#### What is needed
An exact copy of all the entries is needed, with no images in it.

#### Information given
'''

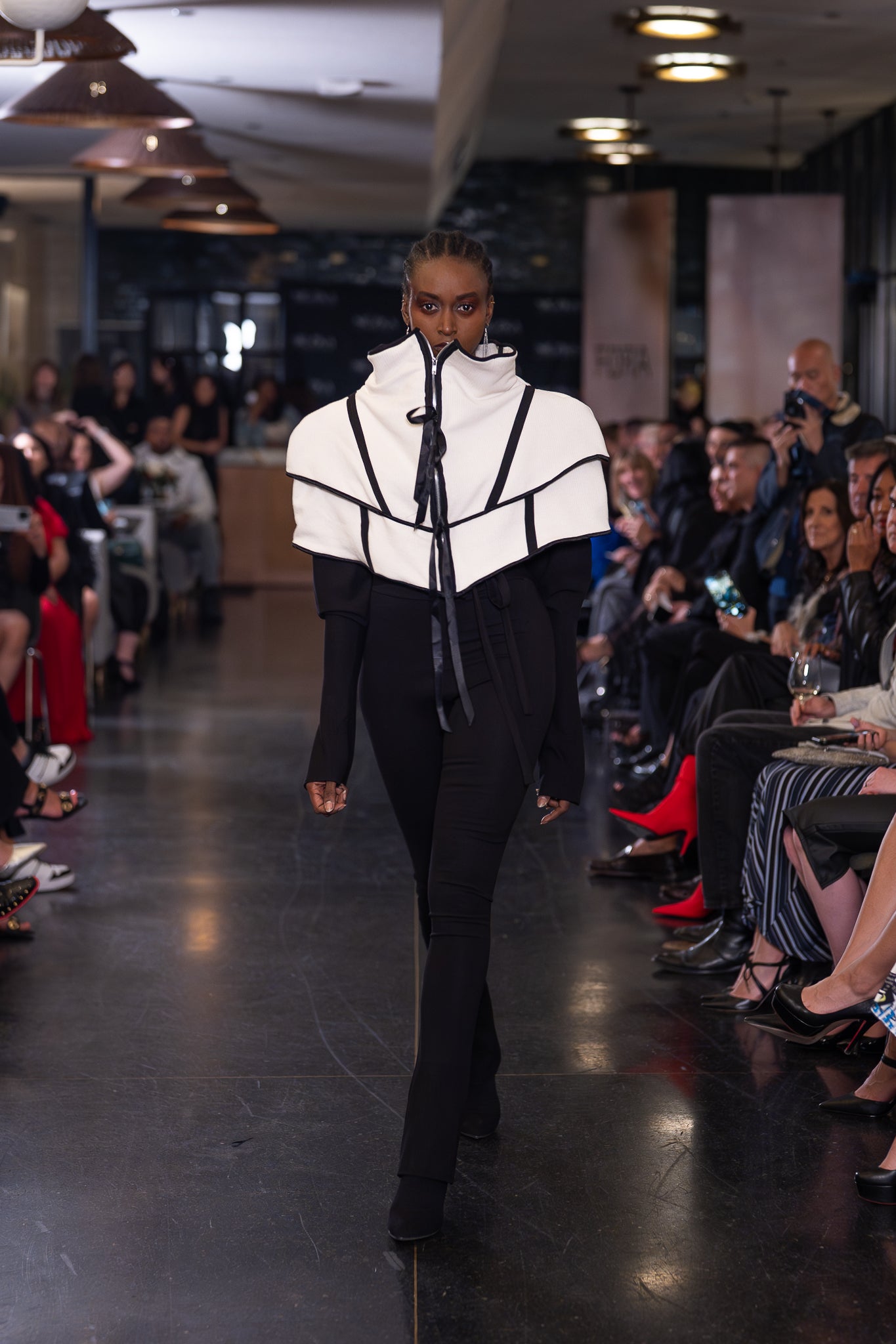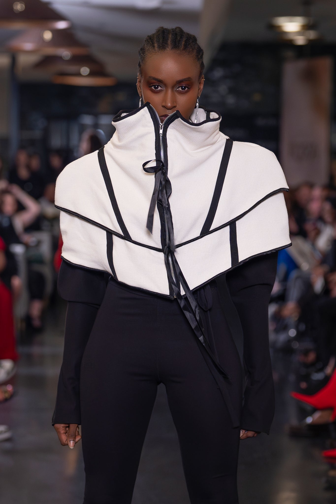 Avant-garde structured shrug with draped bows. Features black contrast paneling and a front zipper closure.
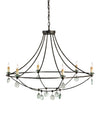 The Novella Chandelier showcases timeless craftsmanship and a creative use of materials. Recycled glass, which takes on a sheen when light strikes it, was used to create the bobeches and disks that adorn the black chandelier. The wrought iron frame in a Mayfair finish has an anchoring effect.
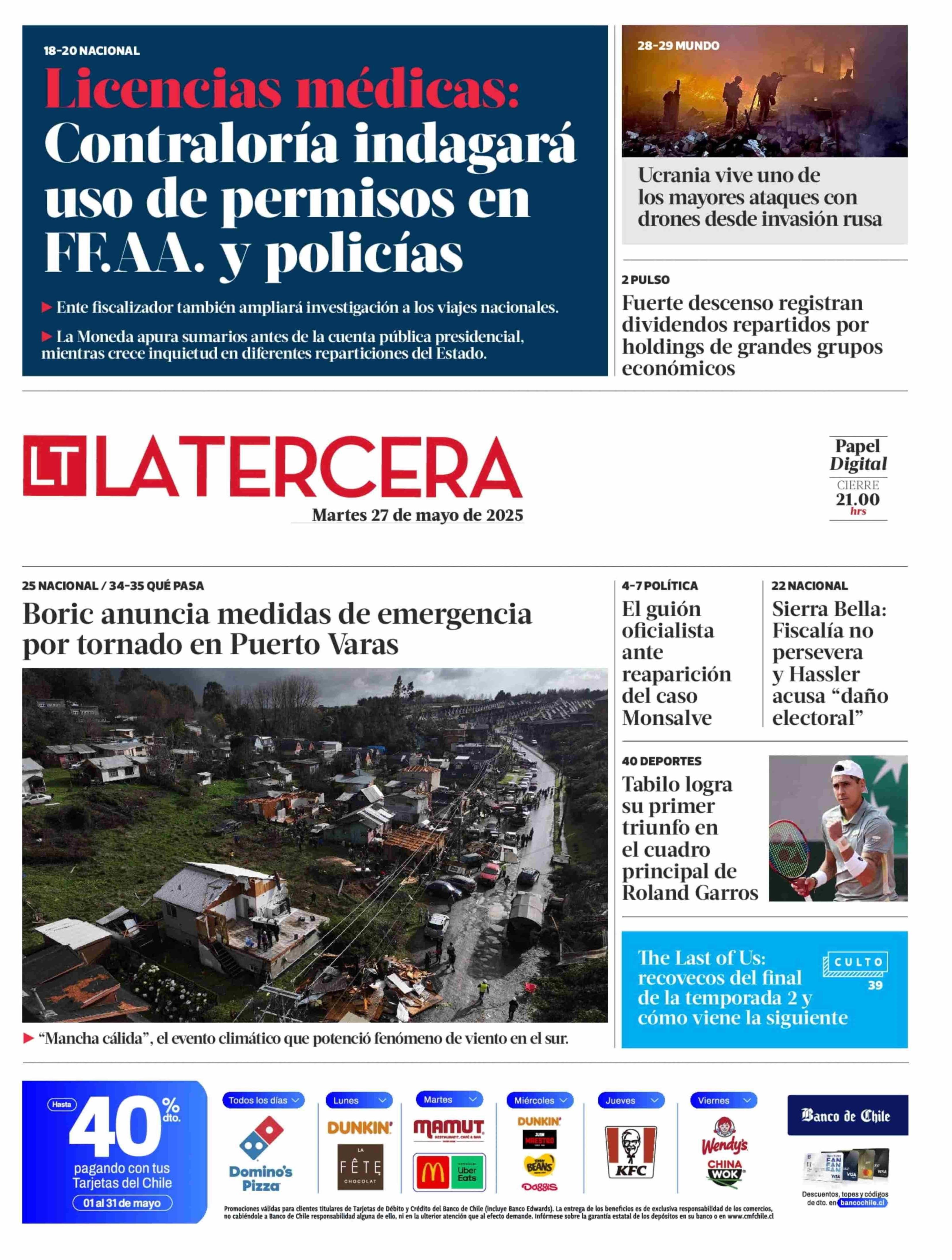 Fecha: 27-05-2025 Sector: Portada Región: Región Metropolitana de Santiago
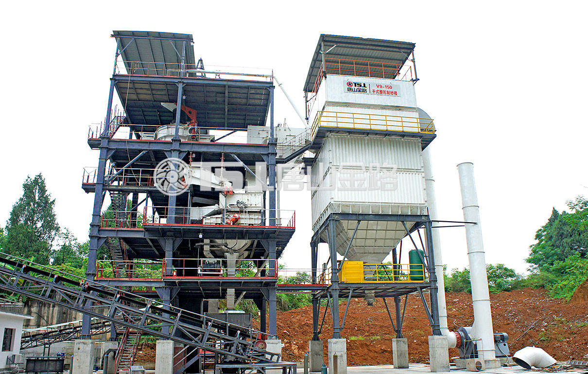 唐山金路V9干式制砂樓主要用于高品質(zhì)機(jī)制砂的生產(chǎn)中。這款塔樓式結(jié)構(gòu)的制砂設(shè)備高度集約,把制砂、粒形優(yōu)化、石粉控制、級(jí)配調(diào)整、含水率控制、環(huán)保處理結(jié)合于一體,減小占地面積的同時(shí)發(fā)揮多種功用。此外,這款設(shè)備采用全封閉的干法制砂工藝,減少粉塵外溢,防止廢水污染。
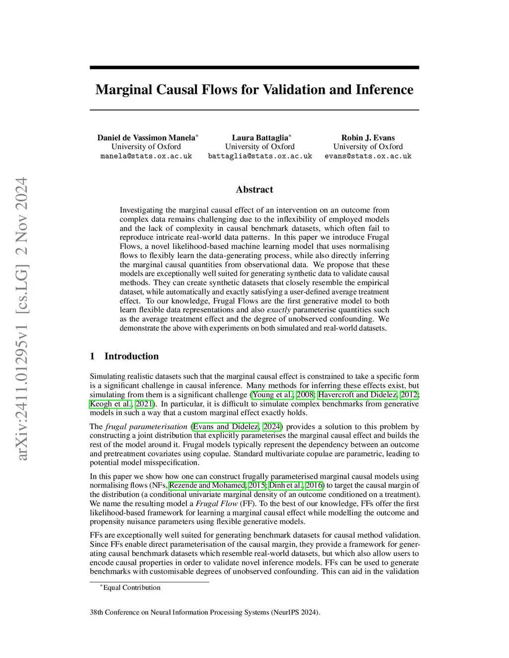 Investigating the marginal causal effect of an intervention on an outcome from complex data remains challenging due to the inflexibility of employed models and the lack of complexity in causal benchmark datasets, which often fail to reproduce intricate real-world data patterns. In this paper we introduce Frugal Flows, a novel likelihood-based machine learning model that uses normalising flows to flexibly learn the data-generating process, while also directly inferring the marginal causal quantities from observational data. We propose that these models are exceptionally well suited for generating synthetic data to validate causal methods. They can create synthetic datasets that closely resemble the empirical dataset, while automatically and exactly satisfying a user-defined average treatment effect. To our knowledge, Frugal Flows are the first generative model to both learn flexible data representations and also exactly parameterise quantities such as the average treatment effect and the degree of unobserved confounding. We demonstrate the above with experiments on both simulated and real-world datasets.
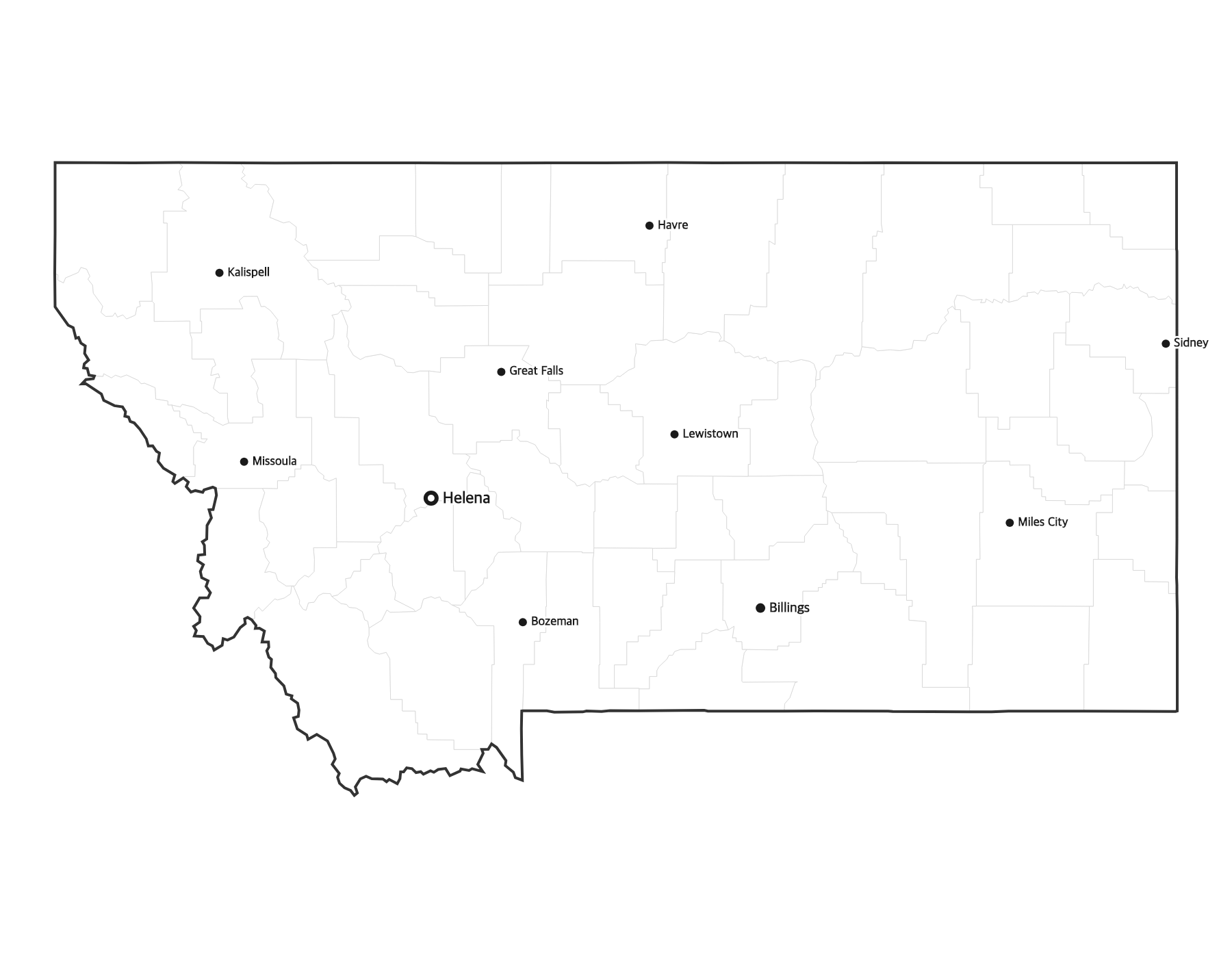 Free printable map of Montana showing major cities, the state capital Helena, and county boundaries. Perfect for geography study, classroom use, and reference.

'''

#### The completed task
 Avant-garde structured shrug with draped bows. Features black contrast paneling and a front zipper closure.
 The Novella Chandelier showcases timeless craftsmanship and a creative use of materials. Recycled glass, which takes on a sheen when light strikes it, was used to create the bobeches and disks that adorn the black chandelier. The wrought iron frame in a Mayfair finish has an anchoring effect.
 Fecha: 27-05-2025 Sector: Portada Región: Región Metropolitana de Santiago
 唐山金路V9干式制砂樓主要用于高品質(zhì)機(jī)制砂的生產(chǎn)中。這款塔樓式結(jié)構(gòu)的制砂設(shè)備高度集約,把制砂、粒形優(yōu)化、石粉控制、級(jí)配調(diào)整、含水率控制、環(huán)保處理結(jié)合于一體,減小占地面積的同時(shí)發(fā)揮多種功用。此外,這款設(shè)備采用全封閉的干法制砂工藝,減少粉塵外溢,防止廢水污染。
 Investigating the marginal causal effect of an intervention on an outcome from complex data remains challenging due to the inflexibility of employed models and the lack of complexity in causal benchmark datasets, which often fail to reproduce intricate real-world data patterns. In this paper we introduce Frugal Flows, a novel likelihood-based machine learning model that uses normalising flows to flexibly learn the data-generating process, while also directly inferring the marginal causal quantities from observational data. We propose that these models are exceptionally well suited for generating synthetic data to validate causal methods. They can create synthetic datasets that closely resemble the empirical dataset, while automatically and exactly satisfying a user-defined average treatment effect. To our knowledge, Frugal Flows are the first generative model to both learn flexible data representations and also exactly parameterise quantities such as the average treatment effect and the degree of unobserved confounding. We demonstrate the above with experiments on both simulated and real-world datasets.
 Free printable map of Montana showing major cities, the state capital Helena, and county boundaries. Perfect for geography study, classroom use, and reference.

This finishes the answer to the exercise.